Chequebook Archival

November 15, 2007

Realised this just yesterday. I’ve been saving my old chequebooks just for the record of cheques. This has been adding to the clutter in my cupboard for no good reason. I can happily copy all the chequebook entries to Excel. This will let me write even more detailed narrations, slice and dice my chequebook data, and of course throw the paper chequebooks away and cut down clutter.

About 60 entries over the past year and a half to transfer to Excel. This will be done with great urgency once I’m done with Sunday’s quiz.

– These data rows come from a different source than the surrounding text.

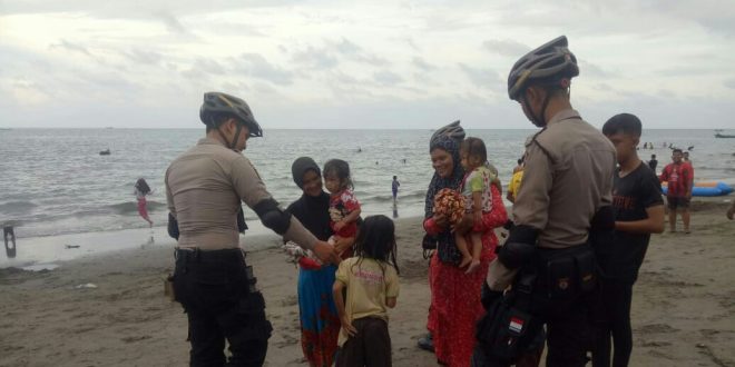 Tribrata News, Lhokseumawe -Team URC Sat Sabhara Polres Lhokseumawe Melaksanakan Patroli Sepeda Rutin di lokasi Wisata Desa Ujong Blang Kecamatan Banda Sakti Kota Lhokseumawe.” Minggu (11/11/2018) Pukul 16.00 Wib
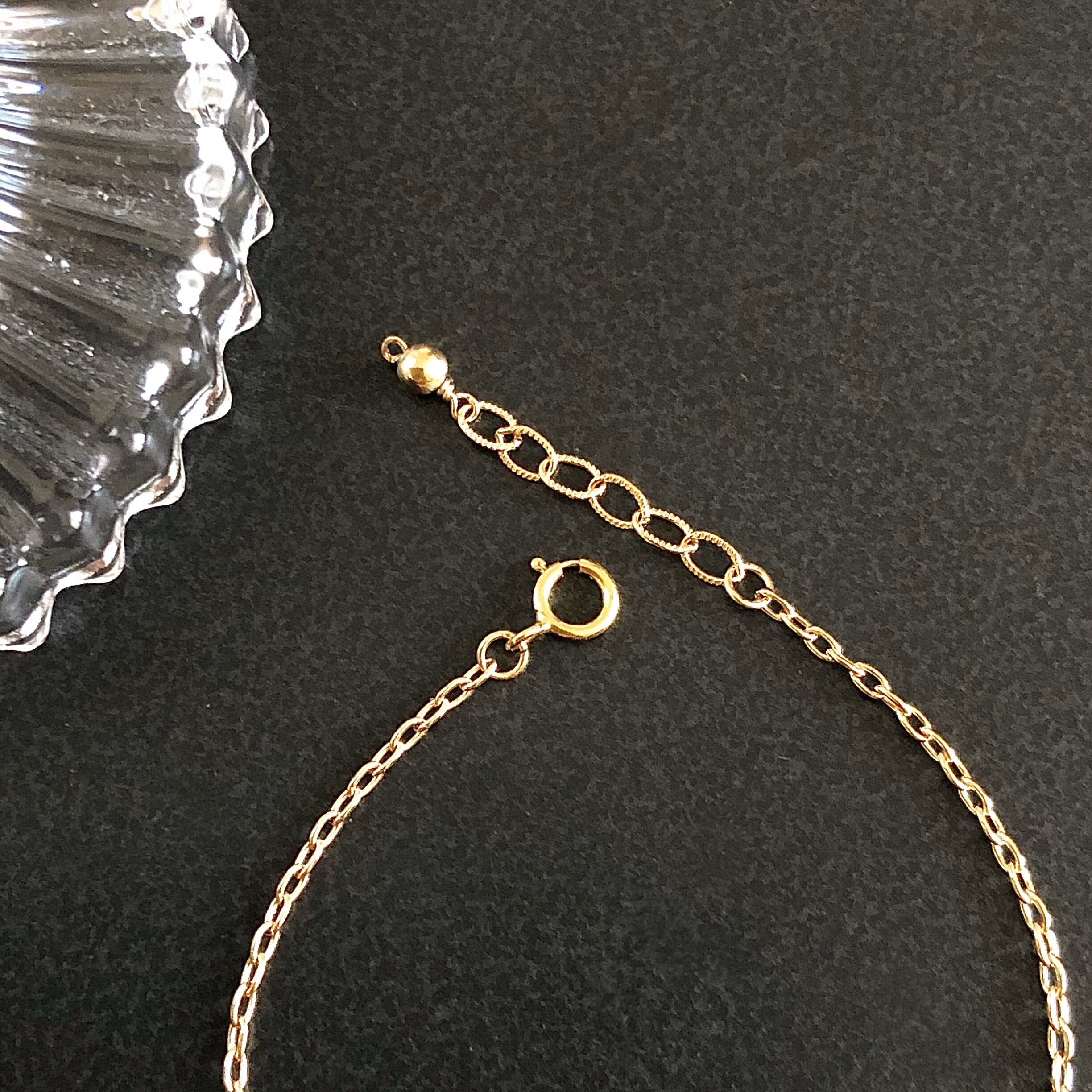 しなやかでスッキリとした長アズキチェーンを合わせ、スタイリッシュな印象のブレスレットに☆
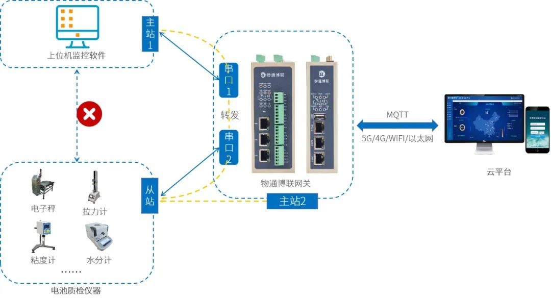 在此背景下,物通博联以工业数采网关为核心,推出电池质检参数可视化管理系统方案。网关通过连接各类电池质检仪器,包括电子称、拉力计、粘度计、水分计等,后端对接本地上位机。通过网关实时采集质检仪器产生的电池重量、隔膜横向和纵向拉伸强度、电解液粘度、水分等关键参数数据,并将数据上传至本地上位机,上位机对数据进行处理、存储,形成可视化数据报表,实现对电池质检参数的全面管理。
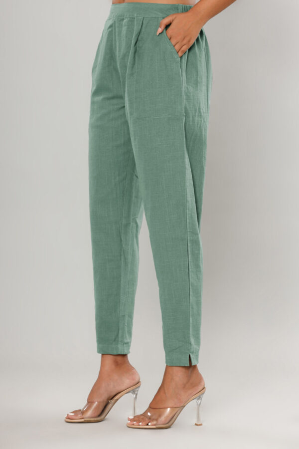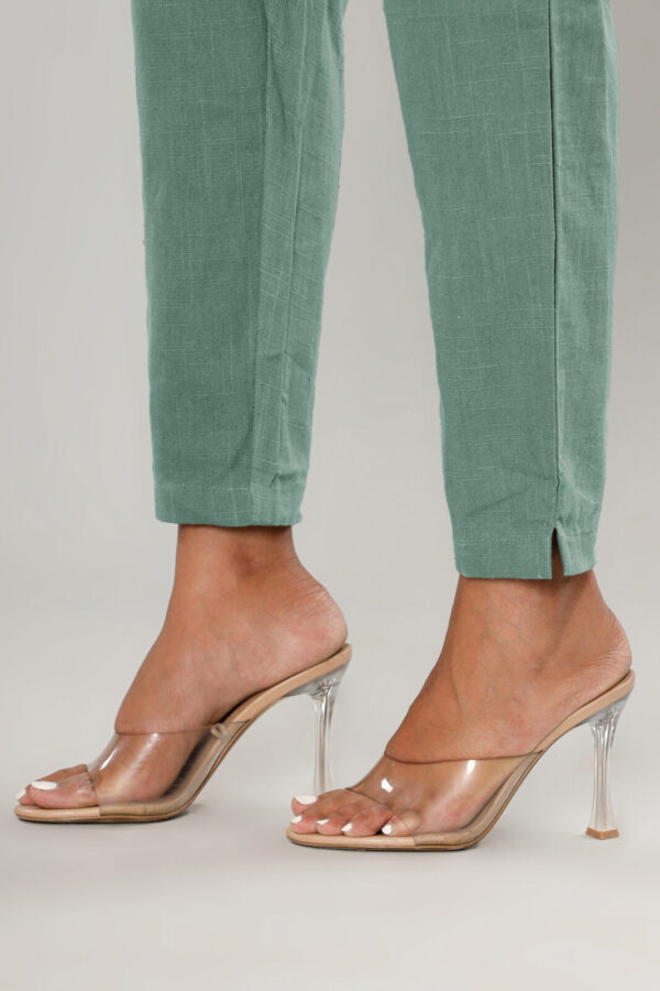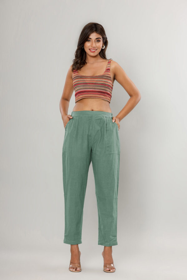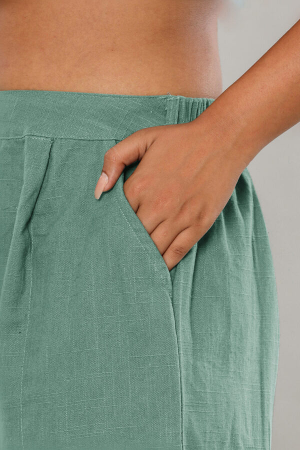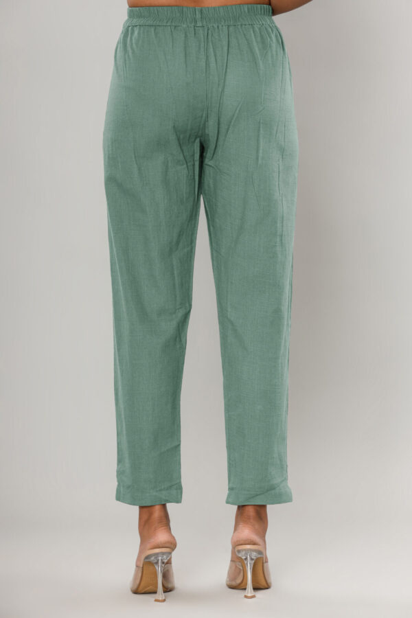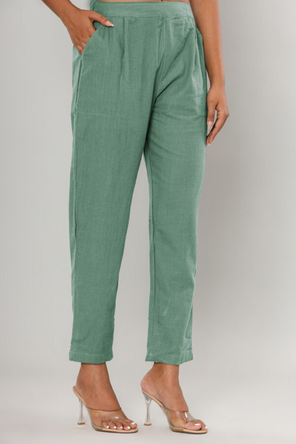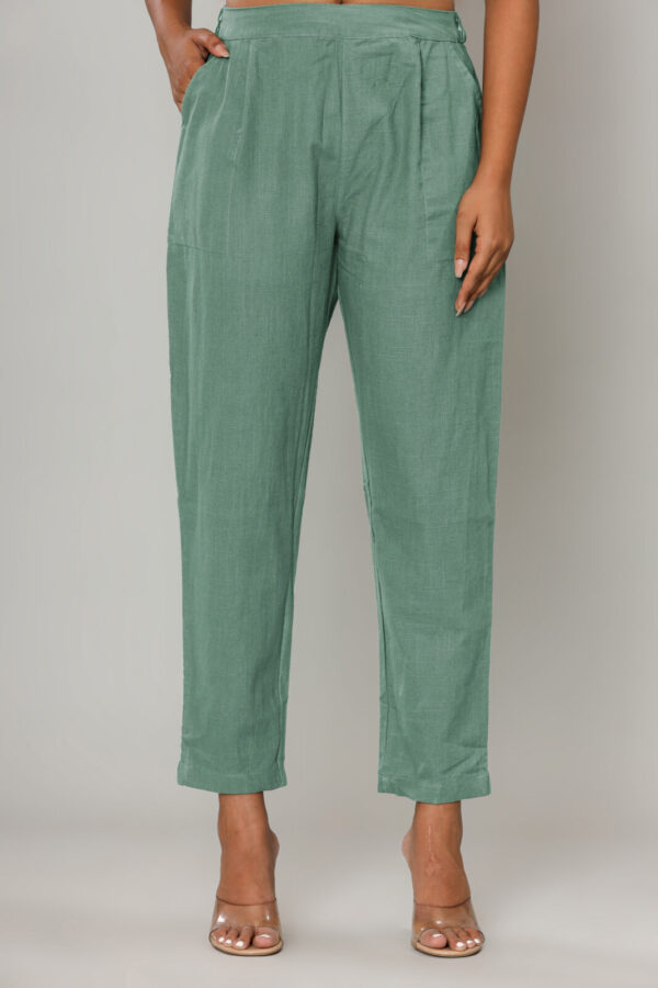 Elevate your everyday wardrobe with our Sage Green High-Rise Trousers. Crafted from a premium, breathable linen-blend fabric, these trousers feature a subtle textured finish that perfectly balances comfort with a refined aesthetic.

Improvements at the Margin

November 10, 2007

Remember how I had been looking for bins to store my unironed laundry in? I found them!

Laundry Bins!

Much joy. A mess of scattered clothes which was engulfing one side of my hall has now been transferred to the laundry bins. As you can see on close examination, there are separate bins for undergarmaments, socks, and everything else.

This still isn’t perfect. For starters, the ‘everything else’ pile is still too big. This makes searching for specific items of everything else difficult. However, there is an easy solution to this: more bins! Two more bins will allow further segregation into shirts, trousers, and t-shirts. Less mess for just a hundred and sixty rupees.

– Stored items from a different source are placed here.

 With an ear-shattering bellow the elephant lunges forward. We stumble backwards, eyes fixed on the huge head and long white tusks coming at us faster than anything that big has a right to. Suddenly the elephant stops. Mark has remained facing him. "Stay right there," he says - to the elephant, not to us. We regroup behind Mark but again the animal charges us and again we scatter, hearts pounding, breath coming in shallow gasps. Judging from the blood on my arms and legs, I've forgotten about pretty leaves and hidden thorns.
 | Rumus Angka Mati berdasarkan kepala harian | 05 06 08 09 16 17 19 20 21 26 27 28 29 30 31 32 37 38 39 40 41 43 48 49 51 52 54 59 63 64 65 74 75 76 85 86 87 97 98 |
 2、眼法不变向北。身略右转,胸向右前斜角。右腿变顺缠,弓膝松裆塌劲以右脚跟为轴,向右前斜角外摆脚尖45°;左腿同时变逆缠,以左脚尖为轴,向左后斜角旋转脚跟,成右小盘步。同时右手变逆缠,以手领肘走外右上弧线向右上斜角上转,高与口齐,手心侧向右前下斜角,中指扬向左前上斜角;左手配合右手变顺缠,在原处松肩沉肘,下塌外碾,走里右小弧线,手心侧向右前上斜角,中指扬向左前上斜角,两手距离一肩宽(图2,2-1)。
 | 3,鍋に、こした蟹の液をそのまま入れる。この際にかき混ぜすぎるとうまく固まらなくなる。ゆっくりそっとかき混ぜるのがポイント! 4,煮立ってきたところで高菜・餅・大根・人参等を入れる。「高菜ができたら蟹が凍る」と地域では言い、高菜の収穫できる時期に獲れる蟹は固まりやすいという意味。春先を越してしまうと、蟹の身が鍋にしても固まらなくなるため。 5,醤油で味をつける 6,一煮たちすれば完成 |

However, the unorganised laundry was only one mess. There is also this ferocious one still to be dealt with:

Newspapers and Chaos

What you see above is the final frontier: quasi-mattresses (I refuse to call anything without springs a real mattress), newspapers, polythene bags stuffed with assorted papers, flatmate’s suitcase, and flatmate’s travel bag. However, this can also be dealt with – starting with more bins!

Another bin for newspapers will reduce the mess even further, and make it easier for the maid to carry the newspapers out for raddi. The most obvious contributor to clutter will be taken care of. That still leaves me with the following issues to deal with:

  1. Quasi-mattresses. Solution: donate them to maid, who wants them anyway. In case Beta Manav (or anybody else for that matter) visits, bring in a sleeping bag, which takes up less space than these things when it isn’t in use.
  2. Polythene bags filled with documents. Solution: buy display and clip files. File the documents which are needed. Throw away the ones which aren’t.
  3. Flatmate’s travel bag. Solution: throw it away. He doesn’t seem to notice it anyway.
  4. Flatmate’s suitcase. Solution: substitute flatmate’s medicines with arsenic (this was the plot of at least two Agatha Christies), stuff body in the suitcase, and dispose of suitcase and corpse by throwing it into the Indiranagar sewer. This prevents further messes from accumulating as well.

It is through small, continuous improvements, that we better our quality of life.


Laundry Management

September 11, 2007

Beloved readers (especially the Bangalore ones), please help. Does anybody know where I can buy the following things in Bangalore? Home Stop and Lifestyle don’t have them, and neither does the Dubai shop on CMH Road.

  1. A clotheshorse. As I mentioned earlier, drying clothes on the balcony puts them at risk of getting wet again in the rain, or being crapped on by pigeons.
  2. PVC bins. What I’m looking for is three or four bins with a small footprint, not too shallow and not too deep. The idea here is that when the clothes are dry, me or my maid can separate them into shirts, trousers, and miscellaneous, and store each category of clothes in its own bin through the week until I iron them on Sunday. Right now, everything is dumped into one undifferentiated pile on spread out newspapers, and it’s really quite distressing to look at. If the bins come in different colours, even better.